Sequence Encoder

Let’s first recap the so-called Transformer network;

As discussed thro this article, in the very initial step we have N naive word embeddings that do not take into account neither the meaning of the surrounding words nor the order of words!
We introduced Position Embeddings to account for the order of the words
Introduced the attention network then to avoid losing the original word vectors we introduced skip connection.
Finally, we need to start to learn these vectors thro our network based on a large corpus of text! This learning process is gonna be done thro a simple Feedforward Neural Network, But why? 🤔 One reason is that thro the process of a neural network we provide regularization or structure to this network. This is because it restricts the output of the neural network to be constrained to the subspace associated with the vectors of the network which tend to improve the performance!

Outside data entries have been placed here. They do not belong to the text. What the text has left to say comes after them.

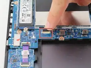 Поднимите черную застежку, удерживающую кабель соединения жесткого диска с ноутбуком, чтобы снять кабель.
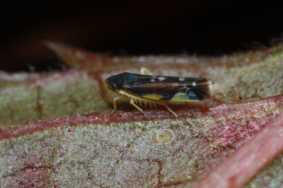 名前の通り、背面から見るとほぼ真っ黒に見えるヒメヨコバイです。比較的数の少ない種類のようで、国内のwebサイトでは画像を掲載しているところはまだないようです。長池公園では、11月から12月にかけて地表付近に葉を残しているクサイチゴに似た木苺類の裏側で稀に見られます。翅端まで約2.9mm。
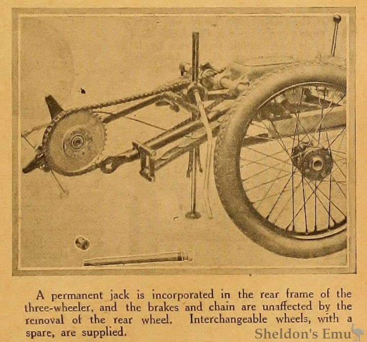A permanent jack is incorporated in the rear frame of the three-wheeler, and the brakes and chain are unaffected by the removal of the rear wheel. Interchangeable wheels, with a spare, are supplied.

Going thro all of the above steps, we were able to Encode a sequence. Now if we did it one time, there is no reason to not do it K time! Where in practice K is 3 or 6! So we can repeat the process K time which possibly makes it a Deep Sequence Encoder that tends to improve performance!

Coupling Sequence Encoder to Decoder

Thus far we have talked about Sequence Encoder and the way it works for predicting the next word in the sequence! But imagine a situation where we not only wanna predict the next word but we wanna predict the next sequence of words! not just one word!

Take Translation from one language to another as an example. So here we gotta not only decode the original sequence but also need to decode it to another language and try to understand the same architecture in another language, right? For instance, consider “the orange cat is nacho” in English and ya wanna translate it into French. If so, based on what we’ve learned so far, we first need to Encode the English sequence;

Okay! We have encoded our sequence, but what about French version of the sequence? shouldn’t we decode the gained knowledge into French?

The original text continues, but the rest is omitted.